__RECORDED DATA__.
________________

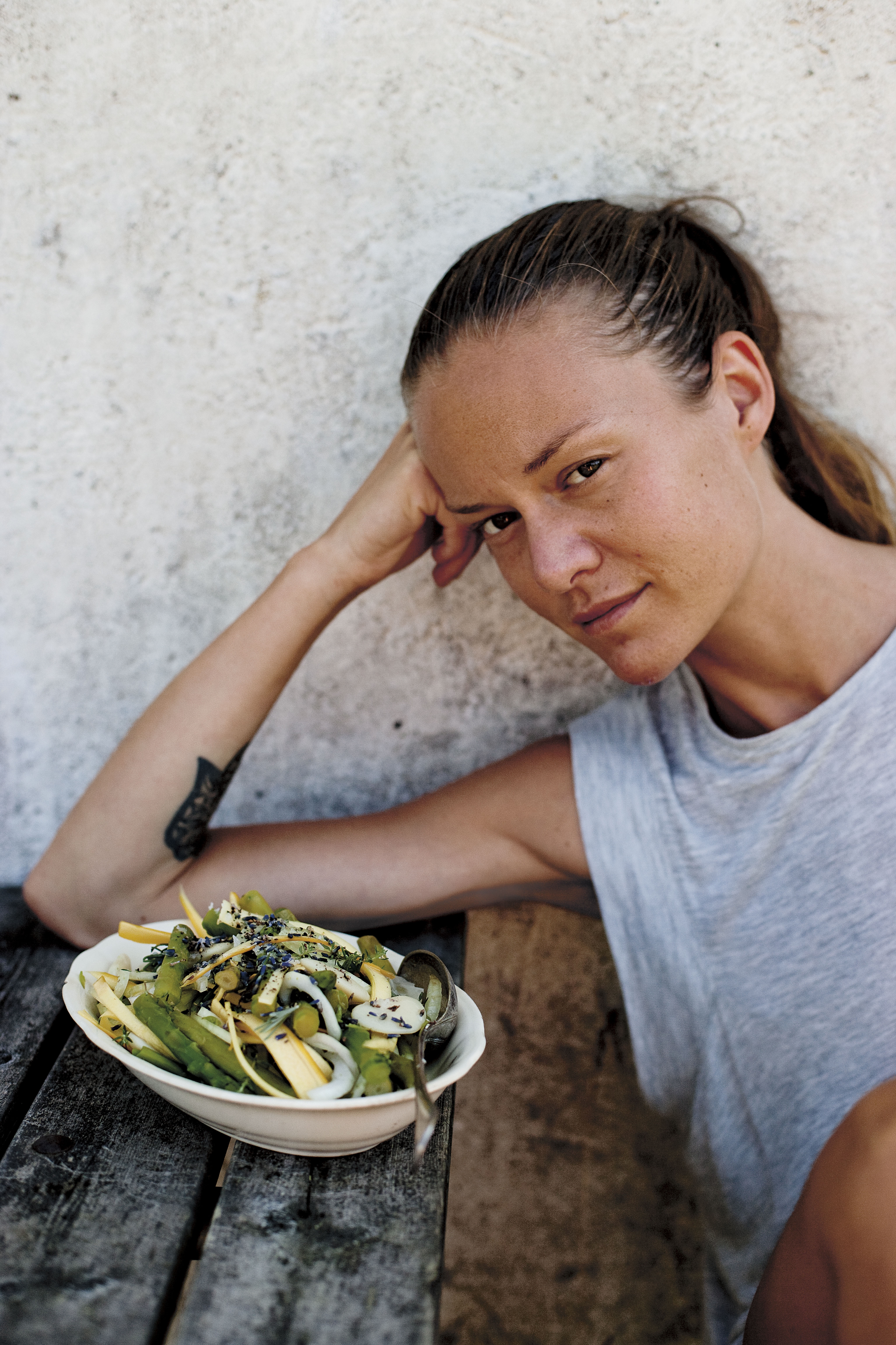 Formgivningen är To Die For. Om jag skulle göra en kokbok skulle jag nog vilja att den ser ut såhär. Stilrent men lekfullt i ett. Mycket tydliga och lättlästa recept, vackra bilder med bildtexter som gör det lätt att veta vilket recept bilden hör till. Vissa recept saknar bilder, vilket jag brukar störa mig på, men eftersom alla ”större” recept har bilder och det mest handlar om dressingar och såser som inte har egna bilder så tycker jag inte att det stör. Stora rubriker gör det lätt att få överblick. Pricken över i är väl alla opretentiösa porträtt på författarinnan, fotografier som andas sommarhetta och äkthet.
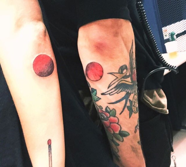 Halsey got another set of matching tattoos with a new friend she made during Warped Tour! According to Romper, Halsey stated, "I got Mars because I met a guy on tour that I became really good friends with, and his birthday is on my half birthday, and I'm a Libra. So my ruling planet is Venus, and his ruling planet is Mars, which are also opposites. So it's like opposite birthdays, opposite signs, technically opposite personalities in astrology, but complete opposites, and we were really good friends. So I got Mars, and he got Venus. We got each other's planets."
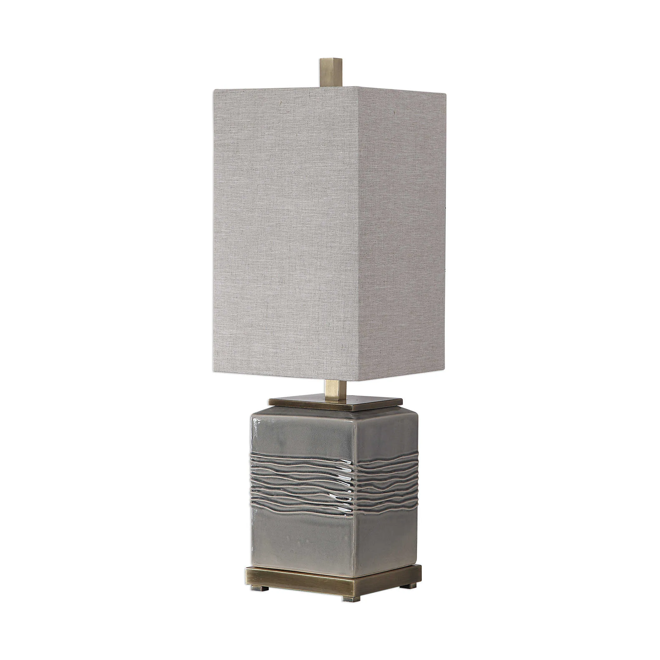 A contemporary style emanates from this ceramic base that features wavy embossing that has a subtle organic feel, finished in a warm gray glaze, accented with plated antique brass details. A rectangular hardback shade in light beige linen with natural slubbing compliments this piece.
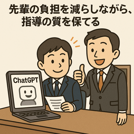 でもChatGPTが新人さんと協力して、ある程度ちゃんとしたモノを代わりに出してくれたら、先輩も“最後のチェックだけ”に集中できます。

________________

__TASK STATEMENT__.
Could each line of the data be written out exactly, with no pictures included?

__YOUR SOLUTION__.
 Formgivningen är To Die For. Om jag skulle göra en kokbok skulle jag nog vilja att den ser ut såhär. Stilrent men lekfullt i ett. Mycket tydliga och lättlästa recept, vackra bilder med bildtexter som gör det lätt att veta vilket recept bilden hör till. Vissa recept saknar bilder, vilket jag brukar störa mig på, men eftersom alla ”större” recept har bilder och det mest handlar om dressingar och såser som inte har egna bilder så tycker jag inte att det stör. Stora rubriker gör det lätt att få överblick. Pricken över i är väl alla opretentiösa porträtt på författarinnan, fotografier som andas sommarhetta och äkthet.
 Halsey got another set of matching tattoos with a new friend she made during Warped Tour! According to Romper, Halsey stated, "I got Mars because I met a guy on tour that I became really good friends with, and his birthday is on my half birthday, and I'm a Libra. So my ruling planet is Venus, and his ruling planet is Mars, which are also opposites. So it's like opposite birthdays, opposite signs, technically opposite personalities in astrology, but complete opposites, and we were really good friends. So I got Mars, and he got Venus. We got each other's planets."
 A contemporary style emanates from this ceramic base that features wavy embossing that has a subtle organic feel, finished in a warm gray glaze, accented with plated antique brass details. A rectangular hardback shade in light beige linen with natural slubbing compliments this piece.
 でもChatGPTが新人さんと協力して、ある程度ちゃんとしたモノを代わりに出してくれたら、先輩も“最後のチェックだけ”に集中できます。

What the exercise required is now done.